- How to complete this task: Could you transcribe exactly the lines below, from the line with "Ein trauriges Cartoon-Baby" through the line with "まずやってきたのは『Cafe Bar ON", and nothing else, leaving out the pictures?

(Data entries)

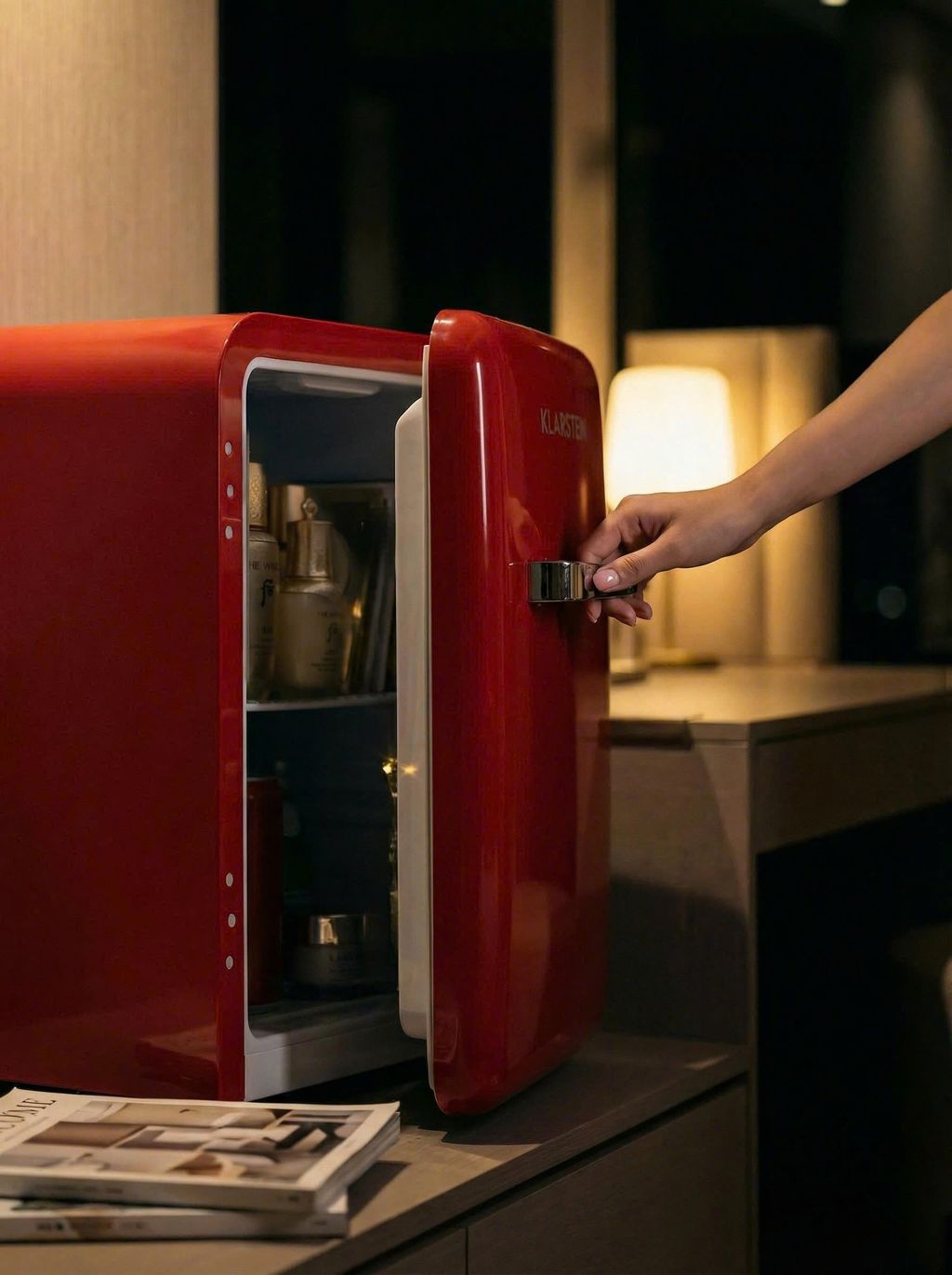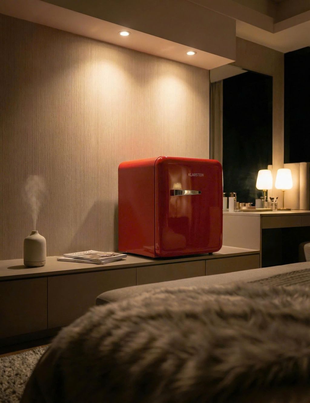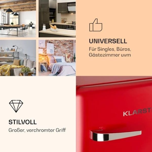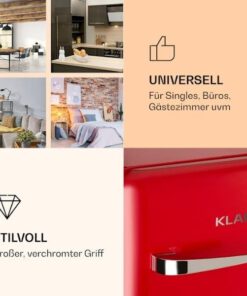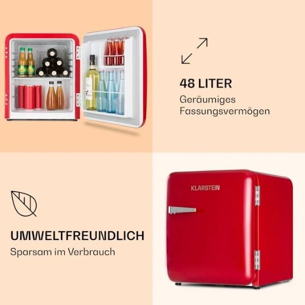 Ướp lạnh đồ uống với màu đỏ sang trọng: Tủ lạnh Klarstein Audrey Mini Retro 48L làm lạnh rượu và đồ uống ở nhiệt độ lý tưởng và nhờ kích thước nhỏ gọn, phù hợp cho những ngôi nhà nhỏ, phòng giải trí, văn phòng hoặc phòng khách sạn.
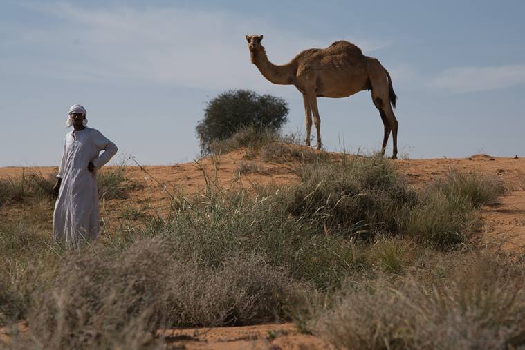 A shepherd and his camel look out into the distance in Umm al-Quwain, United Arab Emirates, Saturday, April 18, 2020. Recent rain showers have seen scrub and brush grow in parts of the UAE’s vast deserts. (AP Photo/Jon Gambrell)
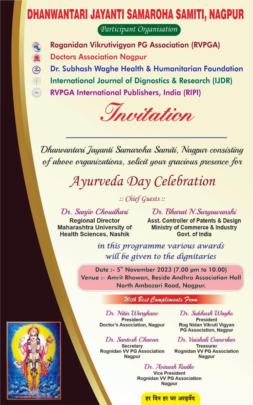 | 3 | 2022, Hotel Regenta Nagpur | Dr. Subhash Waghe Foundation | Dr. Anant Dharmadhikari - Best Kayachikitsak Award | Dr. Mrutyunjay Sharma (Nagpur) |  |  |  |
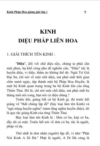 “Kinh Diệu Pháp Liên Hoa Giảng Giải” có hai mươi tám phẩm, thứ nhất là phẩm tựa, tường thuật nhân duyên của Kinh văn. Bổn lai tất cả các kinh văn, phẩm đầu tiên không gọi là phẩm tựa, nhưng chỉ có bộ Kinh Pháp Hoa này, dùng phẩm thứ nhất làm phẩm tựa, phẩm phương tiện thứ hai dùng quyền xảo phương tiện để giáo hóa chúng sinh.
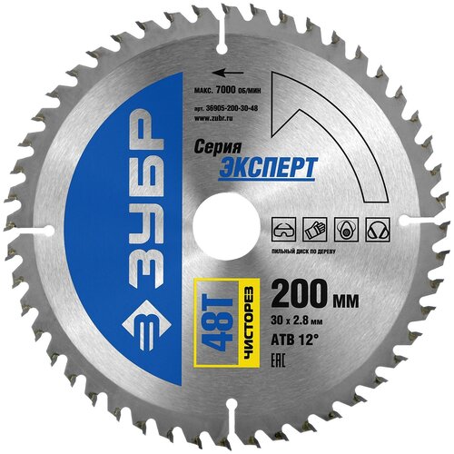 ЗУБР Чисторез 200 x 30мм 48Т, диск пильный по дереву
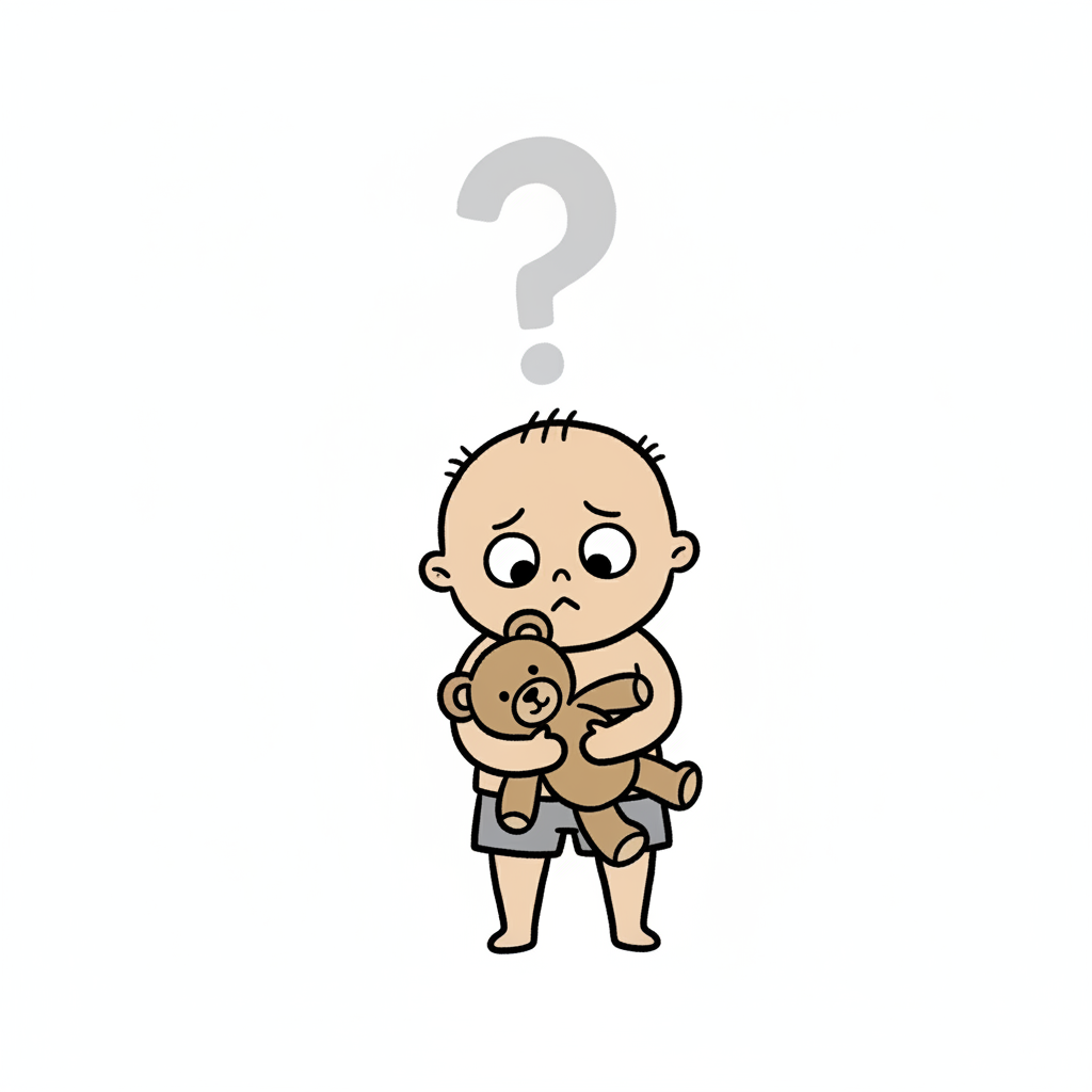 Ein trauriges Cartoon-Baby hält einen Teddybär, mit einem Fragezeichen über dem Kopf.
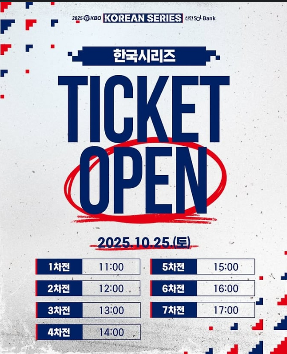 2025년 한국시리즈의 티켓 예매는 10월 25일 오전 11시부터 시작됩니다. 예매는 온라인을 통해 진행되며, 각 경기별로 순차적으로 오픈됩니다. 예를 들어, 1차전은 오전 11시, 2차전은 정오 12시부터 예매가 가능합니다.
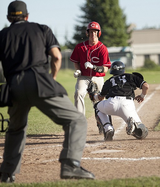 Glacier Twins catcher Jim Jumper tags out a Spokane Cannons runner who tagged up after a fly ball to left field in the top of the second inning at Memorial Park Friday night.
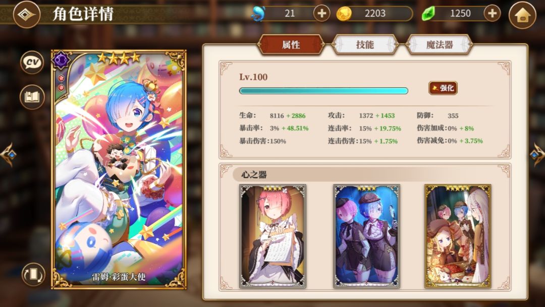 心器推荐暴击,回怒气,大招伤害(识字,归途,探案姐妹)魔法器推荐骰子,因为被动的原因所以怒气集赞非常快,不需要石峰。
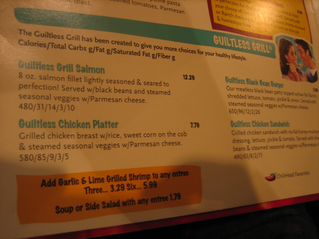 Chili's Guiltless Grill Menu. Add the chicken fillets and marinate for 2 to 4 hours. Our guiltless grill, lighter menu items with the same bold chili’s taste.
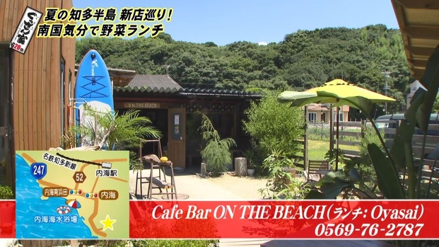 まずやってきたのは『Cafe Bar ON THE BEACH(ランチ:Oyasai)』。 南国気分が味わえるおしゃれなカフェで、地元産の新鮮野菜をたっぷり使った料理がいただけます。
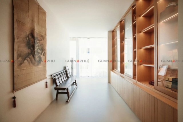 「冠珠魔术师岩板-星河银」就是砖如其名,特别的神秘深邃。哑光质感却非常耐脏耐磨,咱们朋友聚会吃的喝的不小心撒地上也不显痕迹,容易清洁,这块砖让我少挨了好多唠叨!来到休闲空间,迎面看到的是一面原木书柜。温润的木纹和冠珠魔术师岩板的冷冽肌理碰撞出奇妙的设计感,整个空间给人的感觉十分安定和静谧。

- Your solution:
 Ein trauriges Cartoon-Baby hält einen Teddybär, mit einem Fragezeichen über dem Kopf.
 2025년 한국시리즈의 티켓 예매는 10월 25일 오전 11시부터 시작됩니다. 예매는 온라인을 통해 진행되며, 각 경기별로 순차적으로 오픈됩니다. 예를 들어, 1차전은 오전 11시, 2차전은 정오 12시부터 예매가 가능합니다.
 Glacier Twins catcher Jim Jumper tags out a Spokane Cannons runner who tagged up after a fly ball to left field in the top of the second inning at Memorial Park Friday night.
 心器推荐暴击,回怒气,大招伤害(识字,归途,探案姐妹)魔法器推荐骰子,因为被动的原因所以怒气集赞非常快,不需要石峰。
 Chili's Guiltless Grill Menu. Add the chicken fillets and marinate for 2 to 4 hours. Our guiltless grill, lighter menu items with the same bold chili’s taste.
 まずやってきたのは『Cafe Bar ON THE BEACH(ランチ:Oyasai)』。 南国気分が味わえるおしゃれなカフェで、地元産の新鮮野菜をたっぷり使った料理がいただけます。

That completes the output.